■ Problem to solve
Filter this data down to the lines that hold "Musik", and copy them.

■ Provided information
☆ ☆ ☆ ☆
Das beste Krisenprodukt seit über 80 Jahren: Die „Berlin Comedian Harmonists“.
☆ ☆ ☆ ☆
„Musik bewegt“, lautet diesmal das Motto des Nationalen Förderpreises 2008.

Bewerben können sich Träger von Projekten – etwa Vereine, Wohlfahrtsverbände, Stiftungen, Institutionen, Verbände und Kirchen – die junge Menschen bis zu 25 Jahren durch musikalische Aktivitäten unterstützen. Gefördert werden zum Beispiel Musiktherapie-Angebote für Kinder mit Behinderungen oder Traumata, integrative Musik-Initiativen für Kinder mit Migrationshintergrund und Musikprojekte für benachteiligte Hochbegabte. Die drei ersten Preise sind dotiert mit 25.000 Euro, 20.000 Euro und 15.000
☆ ☆ ☆ ☆
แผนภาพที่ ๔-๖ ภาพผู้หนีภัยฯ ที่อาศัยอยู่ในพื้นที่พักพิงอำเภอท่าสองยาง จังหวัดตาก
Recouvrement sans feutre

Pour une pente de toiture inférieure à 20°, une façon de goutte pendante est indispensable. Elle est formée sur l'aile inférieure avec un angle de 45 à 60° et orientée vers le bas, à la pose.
☆ ☆ ☆ ☆
■ Task output
„Musik bewegt“, lautet diesmal das Motto des Nationalen Förderpreises 2008.
Bewerben können sich Träger von Projekten – etwa Vereine, Wohlfahrtsverbände, Stiftungen, Institutionen, Verbände und Kirchen – die junge Menschen bis zu 25 Jahren durch musikalische Aktivitäten unterstützen. Gefördert werden zum Beispiel Musiktherapie-Angebote für Kinder mit Behinderungen oder Traumata, integrative Musik-Initiativen für Kinder mit Migrationshintergrund und Musikprojekte für benachteiligte Hochbegabte. Die drei ersten Preise sind dotiert mit 25.000 Euro, 20.000 Euro und 15.000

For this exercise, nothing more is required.